RECORDS SUPPLIED:
-*-

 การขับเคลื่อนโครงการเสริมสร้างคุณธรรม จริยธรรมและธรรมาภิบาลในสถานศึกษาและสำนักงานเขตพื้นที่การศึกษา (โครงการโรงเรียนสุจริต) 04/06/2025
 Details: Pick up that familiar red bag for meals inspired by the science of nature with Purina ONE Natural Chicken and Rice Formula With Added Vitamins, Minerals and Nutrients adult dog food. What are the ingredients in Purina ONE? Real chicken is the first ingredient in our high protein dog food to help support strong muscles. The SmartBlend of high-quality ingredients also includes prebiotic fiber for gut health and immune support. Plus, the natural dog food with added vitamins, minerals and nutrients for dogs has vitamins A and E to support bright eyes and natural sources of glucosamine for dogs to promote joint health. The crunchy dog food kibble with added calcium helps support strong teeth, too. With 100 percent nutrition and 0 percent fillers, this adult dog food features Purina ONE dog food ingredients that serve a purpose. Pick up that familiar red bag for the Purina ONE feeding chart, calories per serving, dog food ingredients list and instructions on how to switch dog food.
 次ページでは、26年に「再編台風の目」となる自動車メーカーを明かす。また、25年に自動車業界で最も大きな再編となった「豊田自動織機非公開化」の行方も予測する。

-*-

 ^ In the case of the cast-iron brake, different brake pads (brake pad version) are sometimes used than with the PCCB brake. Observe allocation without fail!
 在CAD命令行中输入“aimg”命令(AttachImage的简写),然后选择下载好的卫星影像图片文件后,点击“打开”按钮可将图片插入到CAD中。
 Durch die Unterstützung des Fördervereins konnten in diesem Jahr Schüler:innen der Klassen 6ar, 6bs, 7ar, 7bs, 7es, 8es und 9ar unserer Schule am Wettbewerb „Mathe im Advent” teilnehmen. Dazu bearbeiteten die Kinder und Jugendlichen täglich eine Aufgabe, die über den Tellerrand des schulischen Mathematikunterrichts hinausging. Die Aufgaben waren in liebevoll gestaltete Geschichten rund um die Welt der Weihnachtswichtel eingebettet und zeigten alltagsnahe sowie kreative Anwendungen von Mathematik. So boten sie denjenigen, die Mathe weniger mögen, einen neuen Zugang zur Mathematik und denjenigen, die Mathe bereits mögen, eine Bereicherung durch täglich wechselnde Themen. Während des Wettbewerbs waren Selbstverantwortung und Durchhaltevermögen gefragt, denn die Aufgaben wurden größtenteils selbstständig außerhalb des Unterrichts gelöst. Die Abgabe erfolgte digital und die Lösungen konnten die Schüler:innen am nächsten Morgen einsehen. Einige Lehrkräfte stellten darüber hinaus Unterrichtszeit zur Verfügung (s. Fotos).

-*-

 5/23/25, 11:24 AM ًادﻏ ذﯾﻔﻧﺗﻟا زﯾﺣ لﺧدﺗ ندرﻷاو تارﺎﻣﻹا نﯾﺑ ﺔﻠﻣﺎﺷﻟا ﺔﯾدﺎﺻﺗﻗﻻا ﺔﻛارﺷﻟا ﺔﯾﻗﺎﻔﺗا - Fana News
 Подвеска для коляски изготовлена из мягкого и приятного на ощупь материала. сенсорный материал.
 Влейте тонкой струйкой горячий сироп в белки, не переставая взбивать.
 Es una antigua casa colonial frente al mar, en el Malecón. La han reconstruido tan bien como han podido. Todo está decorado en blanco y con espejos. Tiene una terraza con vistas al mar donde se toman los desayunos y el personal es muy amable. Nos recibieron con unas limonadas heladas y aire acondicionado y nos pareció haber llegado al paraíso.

-*-

Check each line of the entries above for the word "with". List the ones that have it.

 Details: Pick up that familiar red bag for meals inspired by the science of nature with Purina ONE Natural Chicken and Rice Formula With Added Vitamins, Minerals and Nutrients adult dog food. What are the ingredients in Purina ONE? Real chicken is the first ingredient in our high protein dog food to help support strong muscles. The SmartBlend of high-quality ingredients also includes prebiotic fiber for gut health and immune support. Plus, the natural dog food with added vitamins, minerals and nutrients for dogs has vitamins A and E to support bright eyes and natural sources of glucosamine for dogs to promote joint health. The crunchy dog food kibble with added calcium helps support strong teeth, too. With 100 percent nutrition and 0 percent fillers, this adult dog food features Purina ONE dog food ingredients that serve a purpose. Pick up that familiar red bag for the Purina ONE feeding chart, calories per serving, dog food ingredients list and instructions on how to switch dog food.
 ^ In the case of the cast-iron brake, different brake pads (brake pad version) are sometimes used than with the PCCB brake. Observe allocation without fail!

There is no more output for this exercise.